Restate word for word the entries below, starting at the line with "Descriere: Master Family" and ending at the line with "Machine learning has". Keep both end lines and omit the pictures.
━━━━━ Source records
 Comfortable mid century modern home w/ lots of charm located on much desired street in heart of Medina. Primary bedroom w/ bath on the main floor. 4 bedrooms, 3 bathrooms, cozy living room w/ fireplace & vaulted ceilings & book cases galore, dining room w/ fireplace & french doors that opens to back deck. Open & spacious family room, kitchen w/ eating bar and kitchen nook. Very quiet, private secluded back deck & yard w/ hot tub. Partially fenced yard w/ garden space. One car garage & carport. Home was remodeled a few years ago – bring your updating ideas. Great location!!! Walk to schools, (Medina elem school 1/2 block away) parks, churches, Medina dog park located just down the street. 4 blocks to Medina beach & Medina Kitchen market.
━━━━━━━━━━
━━━━━ Source records
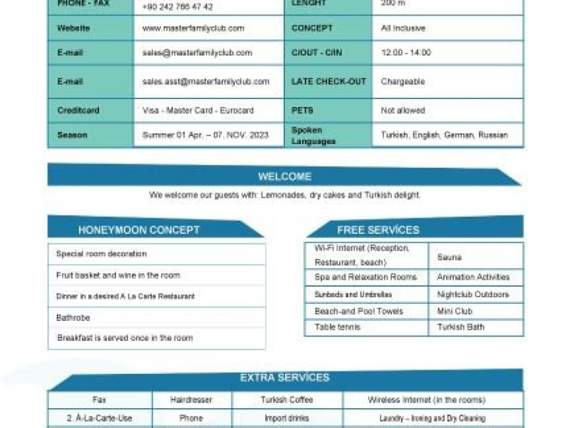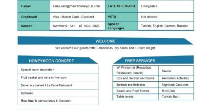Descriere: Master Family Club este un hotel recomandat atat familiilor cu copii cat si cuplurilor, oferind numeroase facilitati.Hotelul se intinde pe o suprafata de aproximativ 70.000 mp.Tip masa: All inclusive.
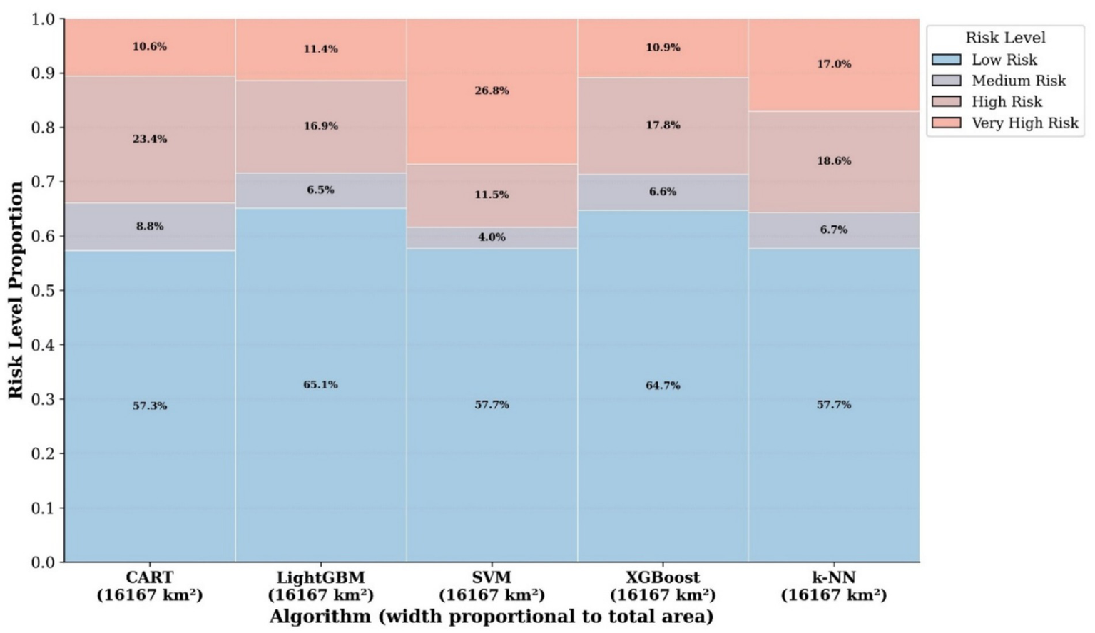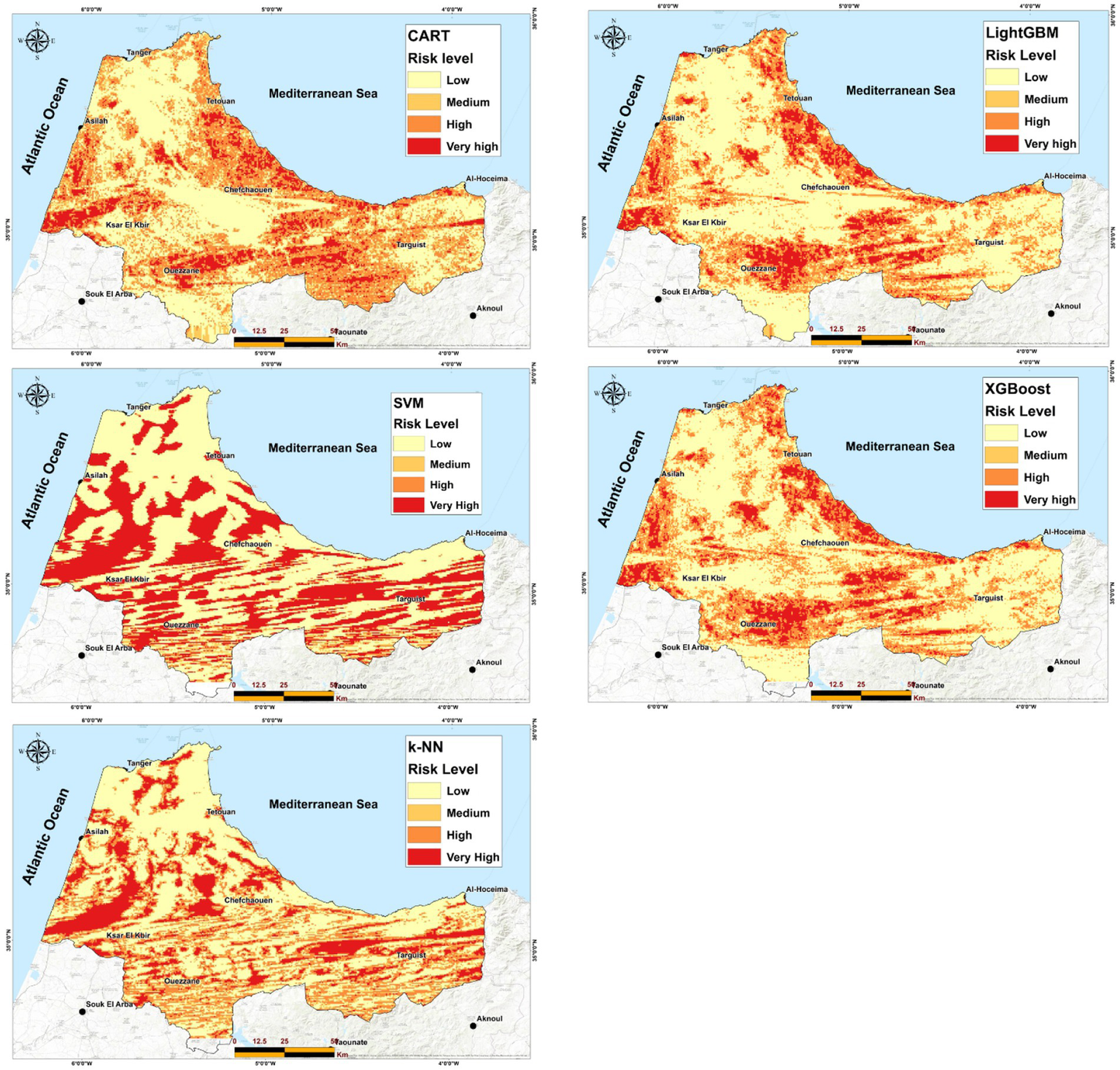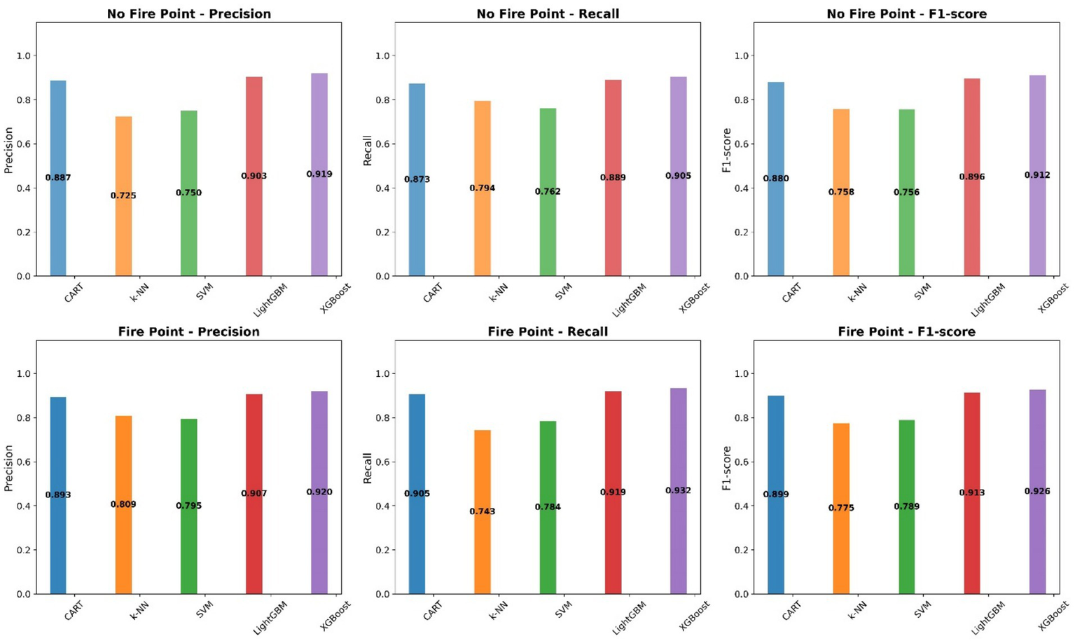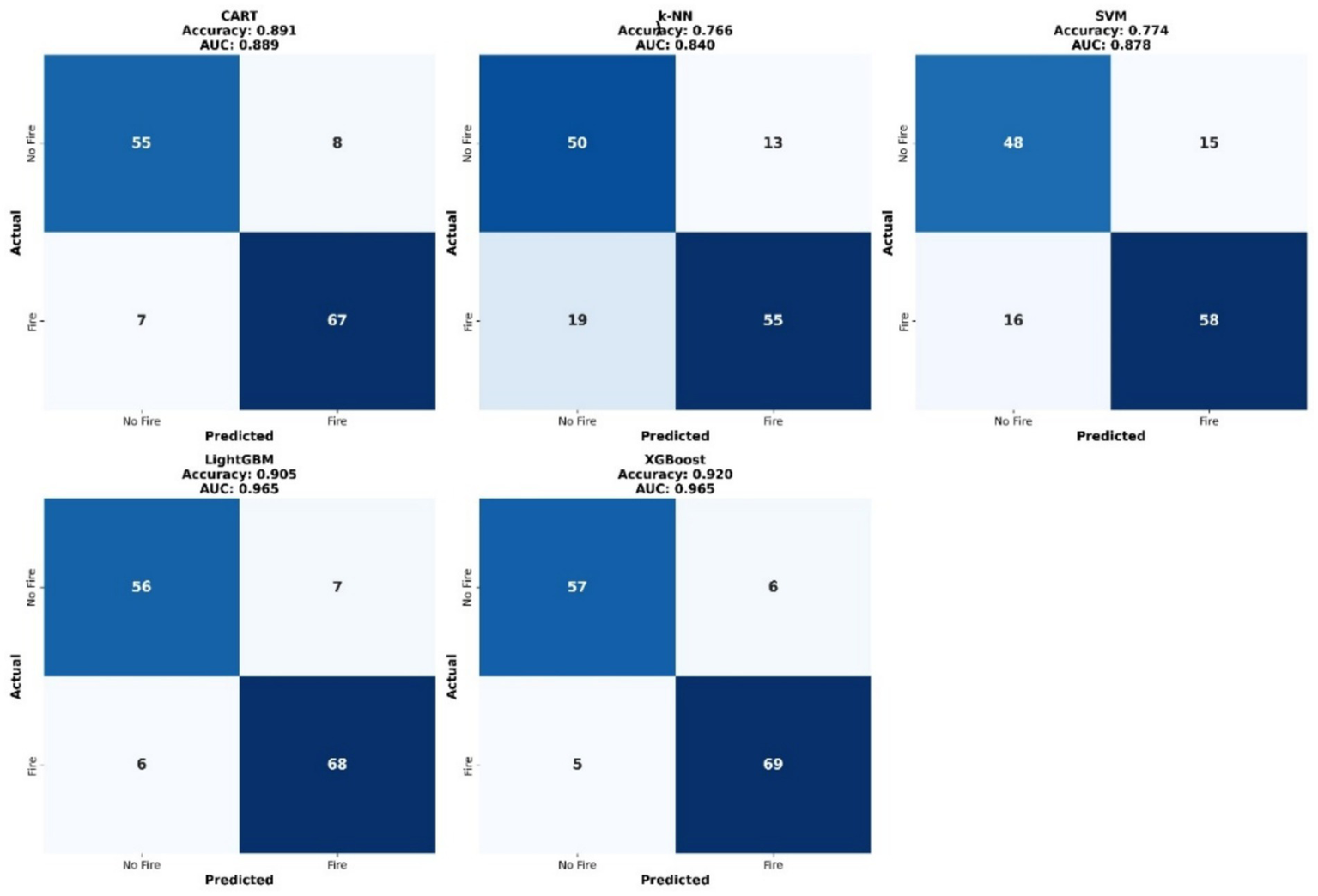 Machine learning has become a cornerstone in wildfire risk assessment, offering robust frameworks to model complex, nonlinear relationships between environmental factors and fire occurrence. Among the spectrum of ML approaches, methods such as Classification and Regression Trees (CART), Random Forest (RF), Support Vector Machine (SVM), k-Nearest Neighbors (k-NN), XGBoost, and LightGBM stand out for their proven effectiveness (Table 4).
━━━━━━━━━━
*Answer to the exercise*.
Descriere: Master Family Club este un hotel recomandat atat familiilor cu copii cat si cuplurilor, oferind numeroase facilitati.Hotelul se intinde pe o suprafata de aproximativ 70.000 mp.Tip masa: All inclusive.
 Machine learning has become a cornerstone in wildfire risk assessment, offering robust frameworks to model complex, nonlinear relationships between environmental factors and fire occurrence. Among the spectrum of ML approaches, methods such as Classification and Regression Trees (CART), Random Forest (RF), Support Vector Machine (SVM), k-Nearest Neighbors (k-NN), XGBoost, and LightGBM stand out for their proven effectiveness (Table 4).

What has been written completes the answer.